[INFORMATION SUPPLIED — start]

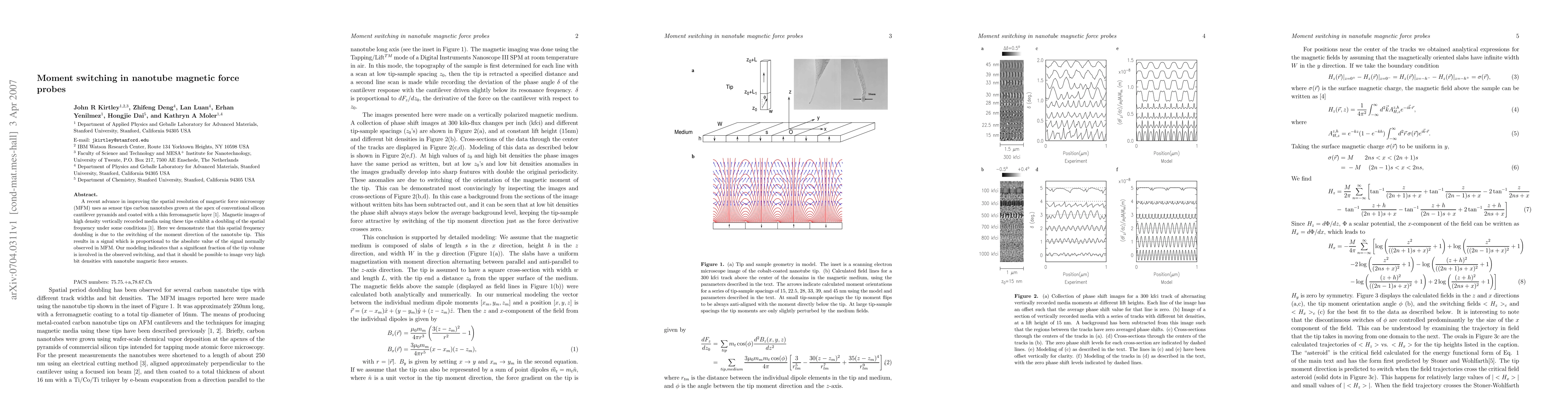 This paper explores the enhanced spatial resolution in magnetic force microscopy using carbon nanotube tips, revealing that spatial frequency doubling is due to the moment switching of the nanotube tip, enabling imaging of high bit densities. Modeling suggests a substantial tip volume involvement in this switching, promising advanced magnetic imaging capabilities.
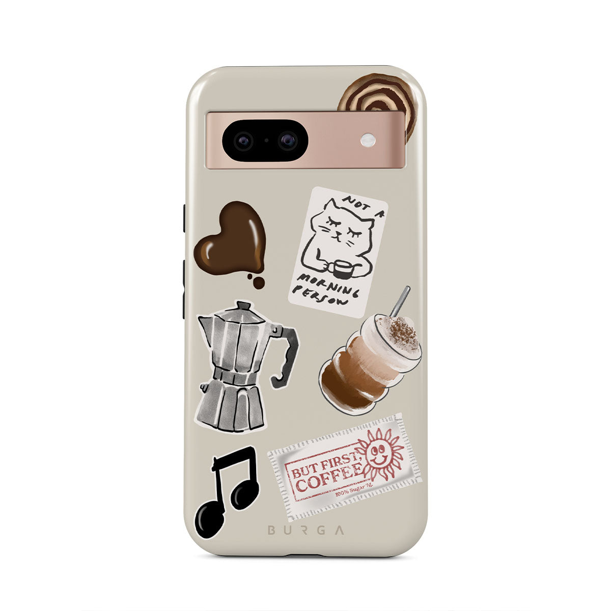 Dieses Design enthält: Mokkakanne, Frappe, Zimtschnecke, Schokoladenherz, „Not a morning person“-Sticker, „But First, Coffee“-Kassenbon, Musiknote.
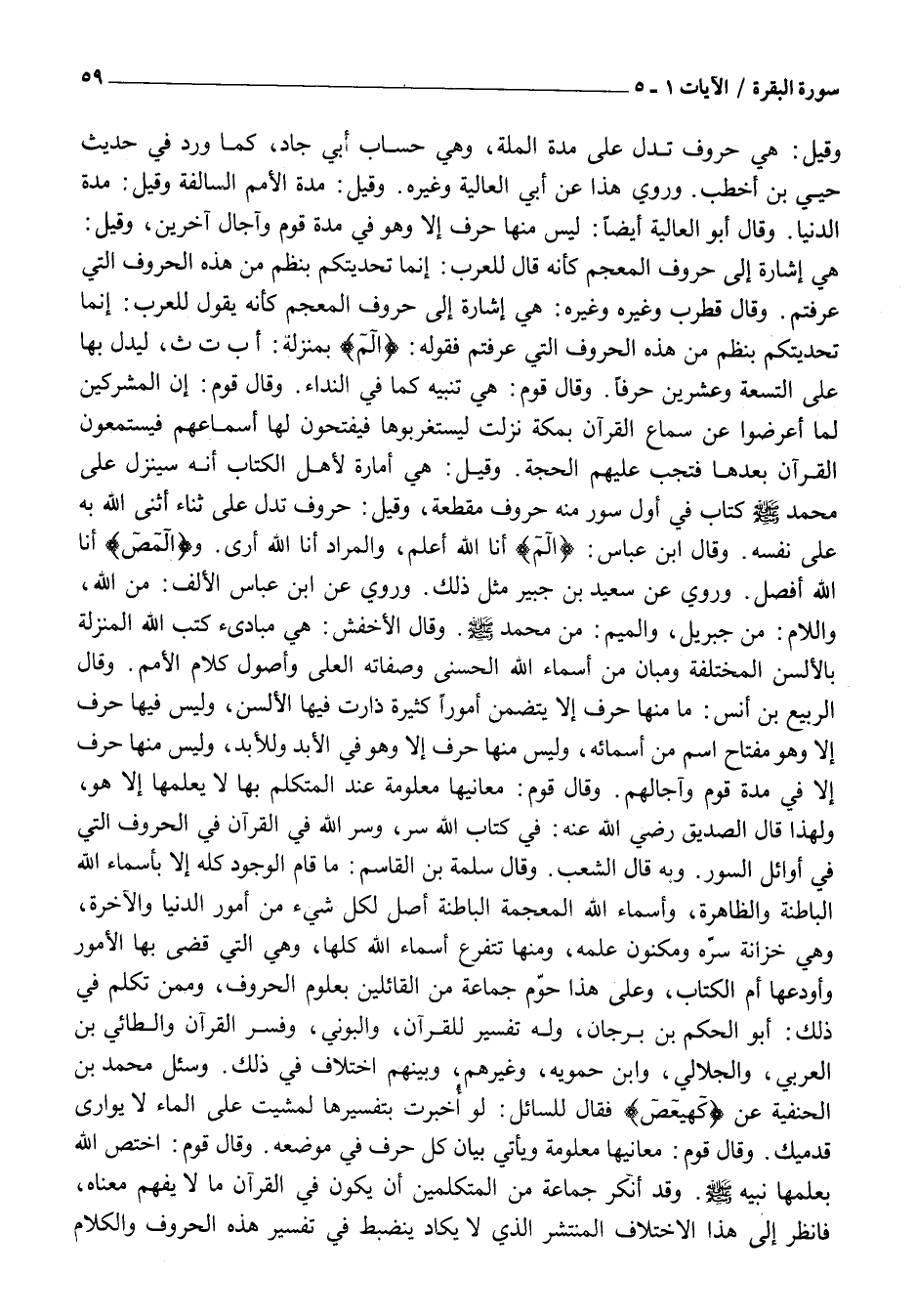 هِيَ إِشَارَةٌ إِلَى حُرُوفِ الْمُعْجَمِ كَأَنَّهُ قَالَ لِلْعَرَبِ: إِنَّمَا تَحَدَّيْتُكُمْ بِنَظْمٍ مِنْ هَذِهِ الْحُرُوفِ الَّتِي عَرَفْتُمْ. وَقَالَ قُطْرُبٌ وغيره وَغَيْرُهُ: هِيَ إِشَارَةٌ إِلَى حُرُوفِ الْمُعْجَمِ كَأَنَّهُ يَقُولُ لِلْعَرَبِ: إِنَّمَا تَحَدَّيْتُكُمْ بِنَظْمٍ مِنْ هَذِهِ الْحُرُوفِ الَّتِي عَرَفْتُمْ فَقَوْلُهُ: الم بِمَنْزِلَةِ: أب ت ث، لِيَدُلَّ بِهَا عَلَى التِّسْعَةِ وَعِشْرِينَ حَرْفًا. وَقَالَ قَوْمٌ: هِيَ تَنْبِيهٌ كَمَا فِي النِّدَاءِ. وَقَالَ قَوْمٌ: إِنَّ الْمُشْرِكِينَ لَمَّا أَعْرَضُوا عَنْ سَمَاعِ الْقُرْآنِ بِمَكَّةَ نَزَلَتْ لِيَسْتَغْرِبُوهَا فَيَفْتَحُونَ لَهَا أَسْمَاعَهُمْ فَيَسْتَمِعُونَ الْقُرْآنَ بَعْدَهَا فَتَجِبُ عَلَيْهِمُ الْحُجَّةَ. وَقِيلَ: هِيَ أَمَارَةٌ لِأَهْلِ الْكِتَابِ أَنَّهُ سَيَنْزِلُ عَلَى مُحَمَّدٍ صَلَّى اللَّهُ عليه وَسَلَّمَ كِتَابٌ فِي أَوَّلِ سُوَرٍ مِنْهُ حُرُوفٌ مُقَطَّعَةٌ، وَقِيلَ: حُرُوفٌ تَدُلُّ عَلَى ثَنَاءٍ أَثْنَى اللَّهُ بِهِ عَلَى نَفْسِهِ. وَقَالَ ابْنُ عَبَّاسٍ: ألم أَنَا اللَّهُ أَعْلَمُ، وَالْمُرَادُ أَنَا اللَّهُ أرى. والمص أَنَا اللَّهُ أَفْصِلُ. وَرُوِيَ عَنْ سَعِيدِ بْنِ جُبَيْرٍ مِثْلُ ذَلِكَ. وَرُوِيَ عَنِ ابْنِ عَبَّاسٍ الْأَلِفُ: مِنَ اللَّهِ، وَاللَّامُ: مِنْ جِبْرِيلَ، والميم: مِنْ مُحَمَّدٍ صَلَّى اللَّهُ عليه وسلّم. وَقَالَ الْأَخْفَشُ: هِيَ مَبَادِئُ كُتُبِ اللَّهِ الْمُنَزَّلَةِ بِالْأَلْسُنِ الْمُخْتَلِفَةِ وَمَبَانٍ مِنْ أَسْمَاءِ اللَّهِ الْحُسْنَى وَصِفَاتِهِ الْعُلَى وَأُصُولِ كَلَامِ الْأُمَمِ. وَقَالَ الرَّبِيعُ بْنُ أَنَسٍ: مَا مِنْهَا حَرْفٌ إِلَّا يَتَضَمَّنُ أمورا كثيرة ذارت فِيهَا الْأَلْسُنُ، وَلَيْسَ فِيهَا حَرْفٌ إِلَّا وَهُوَ مِفْتَاحُ اسْمٍ مِنْ أَسْمَائِهِ، وَلَيْسَ مِنْهَا حَرْفٌ إِلَّا وَهُوَ فِي الْأَبَدِ وَلِلْأَبَدِ، وَلَيْسَ مِنْهَا حَرْفٌ إِلَّا فِي مُدَّةِ قَوْمٍ وَآجَالِهِمْ. وَقَالَ قَوْمٌ: مَعَانِيهَا مَعْلُومَةٌ عِنْدَ الْمُتَكَلِّمِ بِهَا لَا يَعْلَمُهَا إِلَّا هُوَ، وَلِهَذَا قَالَ الصِّدِّيقُ رَضِيَ اللَّهُ عَنْهُ: فِي كِتَابِ اللَّهِ سِرٌّ، وَسِرُّ اللَّهِ فِي الْقُرْآنِ فِي الْحُرُوفِ الَّتِي فِي أَوَائِلِ السُّوَرِ. وَبِهِ قَالَ الشعب. وَقَالَ سَلَمَةُ بْنُ الْقَاسِمِ: مَا قَامَ الْوُجُودُ كُلُّهُ إِلَّا بِأَسْمَاءِ اللَّهِ الْبَاطِنَةِ وَالظَّاهِرَةِ، وَأَسْمَاءِ اللَّهِ الْمُعْجَمَةِ الْبَاطِنَةِ أَصْلٌ لِكُلِّ شَيْءٍ مِنْ أُمُورِ الدُّنْيَا وَالْآخِرَةِ، وَهِيَ خِزَانَةُ سِرِّهِ وَمَكْنُونُ عِلْمِهِ، وَمِنْهَا تَتَفَرَّعُ أَسْمَاءُ اللَّهِ كُلُّهَا، وَهِيَ الَّتِي قَضَى بِهَا الْأُمُورَ وَأَوْدَعَهَا أُمَّ الْكِتَابِ، وَعَلَى هَذَا حَوَّمَ جَمَاعَةٌ مِنَ الْقَائِلِينَ بِعُلُومِ الْحُرُوفِ، وَمِمَّنْ تَكَلَّمَ فِي ذَلِكَ: أَبُو الْحَكَمِ بْنُ بُرْجَانَ، وَلَهُ تَفْسِيرٌ لِلْقُرْآنِ، وَالْبَوْنِيُّ، وَفَسَّرَ الْقُرْآنَ وَالطَّائِيُّ بْنُ الْعَرَبِيِّ، وَالْجَلَالِيُّ، وَابْنُ حَمُّوَيْهِ، وَغَيْرُهُمْ، وَبَيْنَهُمُ اخْتِلَافٌ فِي ذَلِكَ. وَسُئِلَ مُحَمَّدُ بْنُ الْحَنَفِيَّةِ عَنْ كهيعص فَقَالَ لِلسَّائِلِ: لَوْ أُخْبِرْتَ بِتَفْسِيرِهَا لَمَشَيْتَ عَلَى الْمَاءِ لَا يُوَارِي قَدَمَيْكَ. وَقَالَ قَوْمٌ: مَعَانِيهَا مَعْلُومَةٌ وَيَأْتِي بَيَانُ كُلِّ حَرْفٍ فِي مَوْضِعِهِ. وَقَالَ قَوْمٌ: اخْتَصَّ اللَّهُ بِعِلْمِهَا نَبِيَّهُ صَلَّى اللَّهُ عَلَيْهِ وسلم. وَقَدْ أَنْكَرَ جَمَاعَةٌ مِنَ الْمُتَكَلِّمِينَ أَنْ يَكُونَ فِي الْقُرْآنِ مَا لَا يُفْهَمُ مَعْنَاهُ، فَانْظُرْ إِلَى هَذَا الاختلاف المنتشر الذي لا يَكَاد
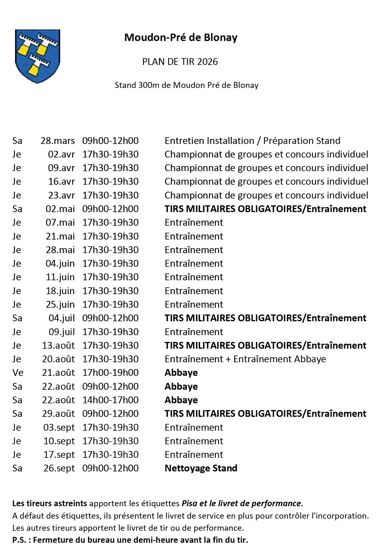 Programme des tirs à Moudon - saison 2025
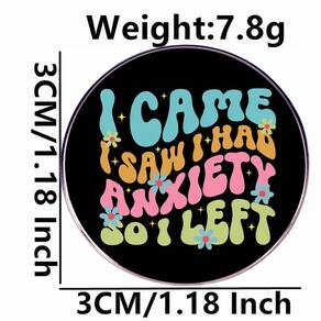 Material: Liga Tamanho: 3 x 3 cm Peso: 7,8 g Quantidade: você receberá todas as peças em quantidade igual à primeira foto principal. Design inspirado em retrô: apresenta letras coloridas ousadas com toques florais divertidos, transmitindo uma mensagem divertida e identificável com o tema da ansiedade. Citação humorística: diz “Eu vim, vi que tinha ansiedade, então saí”, tornando-o um acessório alegre para uso diário. Construção em liga durável: fabricada com liga de qualidade, resistente ao desbotamento e arranhões, garantindo o uso a longo prazo. Compacto e leve: medindo 3 x 3 cm e pesando 7,8 g, este emblema se encaixa perfeitamente como alfinetes de blusa, alfinete de lapela ou acessório de mochila. Acessório expressivo: um broche exclusivo e peculiar que combina humor com consciência, adequado para homens, mulheres e jovens.

[INFORMATION SUPPLIED — finish]

WHAT THE EXERCISE ASKS =
Copy nothing but the lines from the start of the entries through the line with "Zimtschnecke, Schokoladenherz, „Not". Write them out exactly, without pictures.

SOLUTION TO THIS EXERCISE =
 This paper explores the enhanced spatial resolution in magnetic force microscopy using carbon nanotube tips, revealing that spatial frequency doubling is due to the moment switching of the nanotube tip, enabling imaging of high bit densities. Modeling suggests a substantial tip volume involvement in this switching, promising advanced magnetic imaging capabilities.
 Dieses Design enthält: Mokkakanne, Frappe, Zimtschnecke, Schokoladenherz, „Not a morning person“-Sticker, „But First, Coffee“-Kassenbon, Musiknote.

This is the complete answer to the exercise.